● STORED DATA:
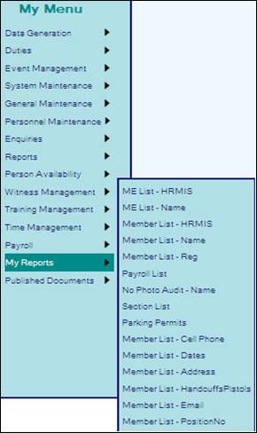 Client developed reports are accessed through the My Reports option from the home page. These reports can be incorporated by the System Administrator (See Configure Client Reports)
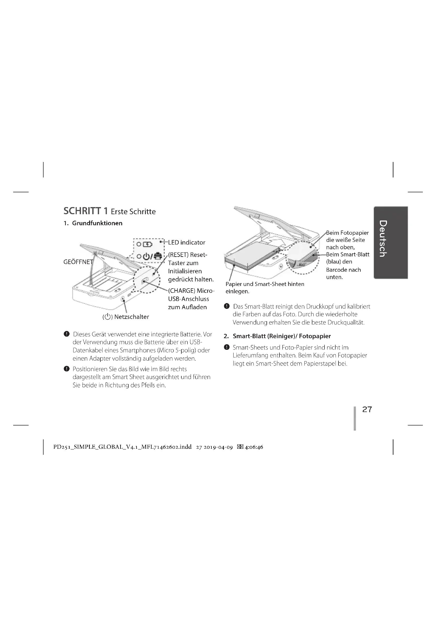 , Smart-Sheets und Foto-Papier sind nicht im Lieferumfang enthalten. Beim Kauf von Fotopapier liegt ein Smart-Sheet dem Papierstapel bei. Deutsch PD251_SIMPLE_GLOBAL_V4.1_MFL71462602.indd 27 2019-04-09 4:06:4628 Bei Verwendung eines Smart-Blattes sollte dieses gemeinsam mit dem Fotopapier in derselben Tasche verwendet werden.
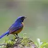 棕腹蓝仙鹟,Niltava vivida,鹟科仙鹟属的一种小型鸣禽,善在空中飞捕昆虫,中等体型18厘米,上体蓝,下体棕色,具黑色眼罩,胸橘黄渐变成臀部的皮黄色。国内分布于四川、云南、西藏和台湾等地。…全部>>
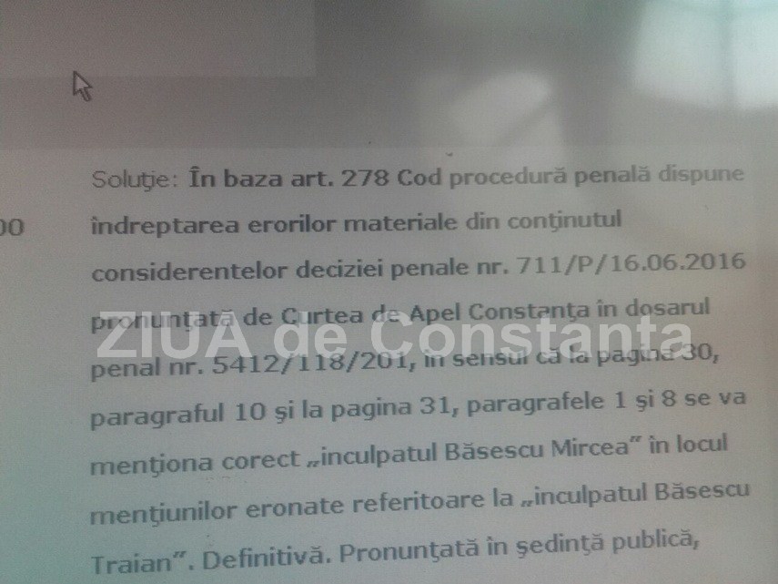 Instanţa a dispus îndreptarea erorilor materiale din conţinutul considerentelor deciziei penale (...) în sensul că se va menţiona corect „inculpatul Mircea Băsescu" în locul menţiunilor eronate referitoare la „inculpatul Băsescu Traian". Decizia Curţii de Apel Constanţa este definitivă.

● ACTIVITY: In the answer, the data should reappear exactly, with no pictures.

● WRITTEN REPLY:
 Client developed reports are accessed through the My Reports option from the home page. These reports can be incorporated by the System Administrator (See Configure Client Reports)
 , Smart-Sheets und Foto-Papier sind nicht im Lieferumfang enthalten. Beim Kauf von Fotopapier liegt ein Smart-Sheet dem Papierstapel bei. Deutsch PD251_SIMPLE_GLOBAL_V4.1_MFL71462602.indd 27 2019-04-09 4:06:4628 Bei Verwendung eines Smart-Blattes sollte dieses gemeinsam mit dem Fotopapier in derselben Tasche verwendet werden.
 棕腹蓝仙鹟,Niltava vivida,鹟科仙鹟属的一种小型鸣禽,善在空中飞捕昆虫,中等体型18厘米,上体蓝,下体棕色,具黑色眼罩,胸橘黄渐变成臀部的皮黄色。国内分布于四川、云南、西藏和台湾等地。…全部>>
 Instanţa a dispus îndreptarea erorilor materiale din conţinutul considerentelor deciziei penale (...) în sensul că se va menţiona corect „inculpatul Mircea Băsescu" în locul menţiunilor eronate referitoare la „inculpatul Băsescu Traian". Decizia Curţii de Apel Constanţa este definitivă.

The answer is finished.